----- DATA TO EXAMINE -----
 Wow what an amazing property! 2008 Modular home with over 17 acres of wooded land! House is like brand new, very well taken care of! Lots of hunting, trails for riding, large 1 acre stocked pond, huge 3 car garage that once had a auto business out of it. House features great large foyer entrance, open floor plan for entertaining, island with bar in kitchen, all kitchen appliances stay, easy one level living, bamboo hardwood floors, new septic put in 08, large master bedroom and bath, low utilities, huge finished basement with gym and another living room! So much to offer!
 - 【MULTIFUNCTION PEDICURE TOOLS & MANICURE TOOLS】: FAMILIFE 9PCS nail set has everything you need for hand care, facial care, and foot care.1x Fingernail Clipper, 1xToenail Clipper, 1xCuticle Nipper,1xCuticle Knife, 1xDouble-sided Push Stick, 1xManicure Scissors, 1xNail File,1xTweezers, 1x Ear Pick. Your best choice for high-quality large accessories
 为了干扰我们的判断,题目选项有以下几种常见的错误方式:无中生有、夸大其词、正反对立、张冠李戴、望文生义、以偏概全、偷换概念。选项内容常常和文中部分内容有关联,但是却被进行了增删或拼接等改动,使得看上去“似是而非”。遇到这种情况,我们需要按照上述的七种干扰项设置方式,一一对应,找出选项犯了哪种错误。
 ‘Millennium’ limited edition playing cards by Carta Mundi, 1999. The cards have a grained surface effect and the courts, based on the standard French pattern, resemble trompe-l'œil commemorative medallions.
-----
----- DATA TO EXAMINE -----
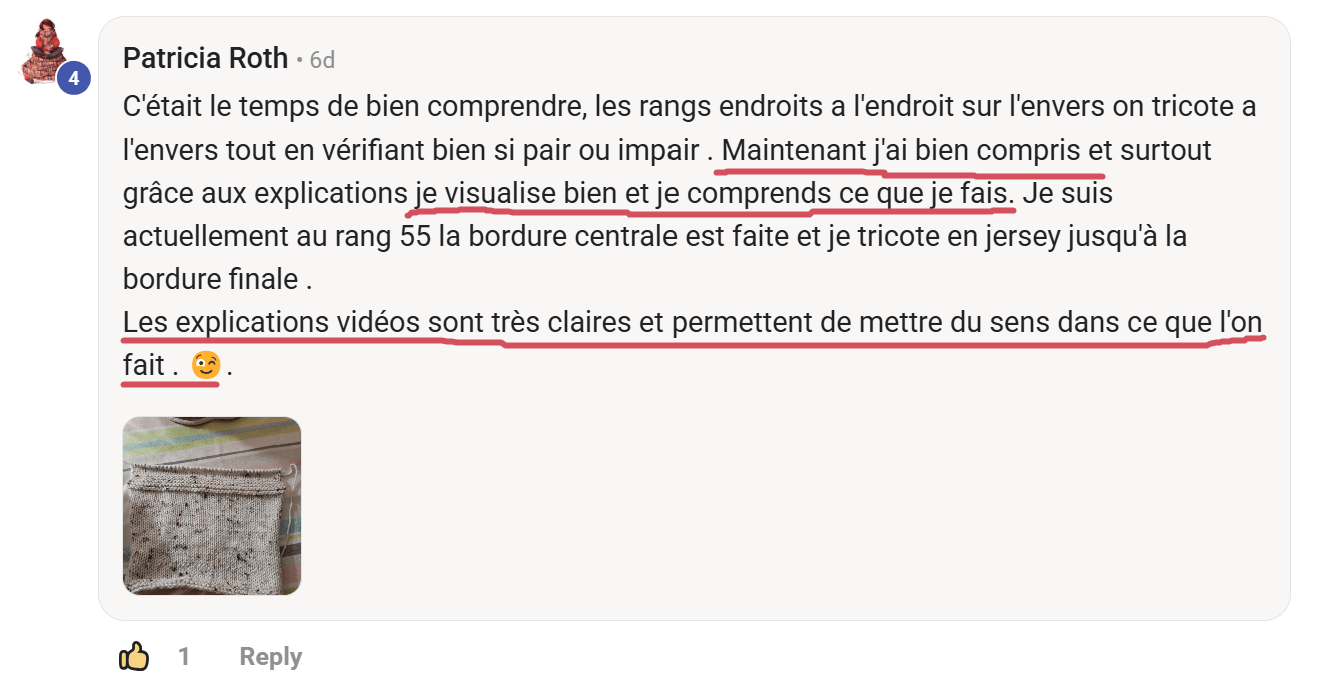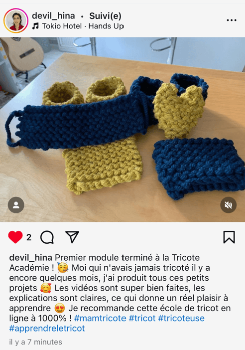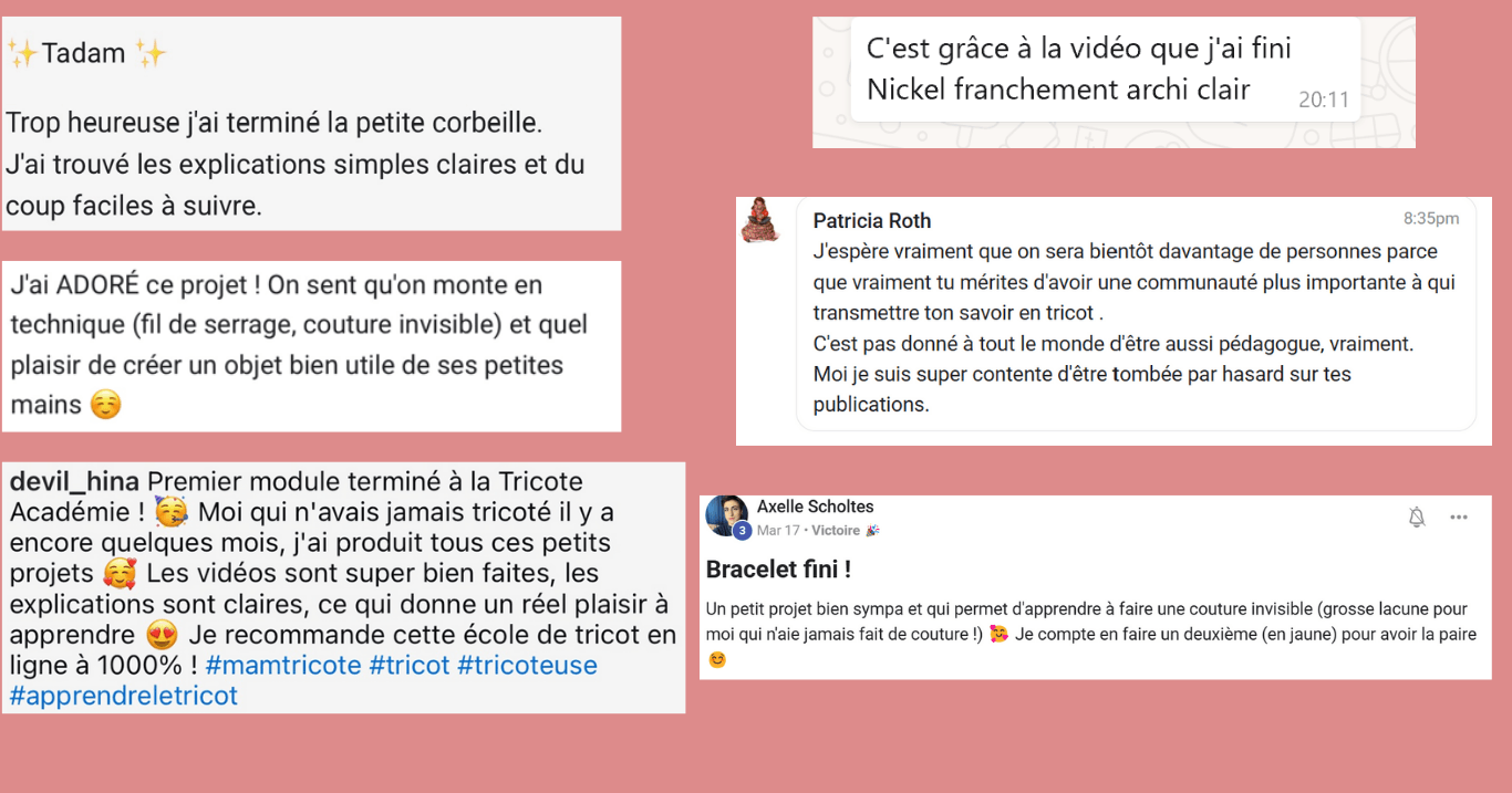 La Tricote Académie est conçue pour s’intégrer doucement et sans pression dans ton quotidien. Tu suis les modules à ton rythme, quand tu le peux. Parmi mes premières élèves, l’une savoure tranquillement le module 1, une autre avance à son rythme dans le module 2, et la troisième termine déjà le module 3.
-----
## ACTIVITY
The entries above hold a line with "为了干扰我们的判断,题目选项" and a later line with "trompe-l'œil commemorative medallions.". Write out exactly those lines and all lines between, nothing more.

## EXPECTED OUTPUT
 为了干扰我们的判断,题目选项有以下几种常见的错误方式:无中生有、夸大其词、正反对立、张冠李戴、望文生义、以偏概全、偷换概念。选项内容常常和文中部分内容有关联,但是却被进行了增删或拼接等改动,使得看上去“似是而非”。遇到这种情况,我们需要按照上述的七种干扰项设置方式,一一对应,找出选项犯了哪种错误。
 ‘Millennium’ limited edition playing cards by Carta Mundi, 1999. The cards have a grained surface effect and the courts, based on the standard French pattern, resemble trompe-l'œil commemorative medallions.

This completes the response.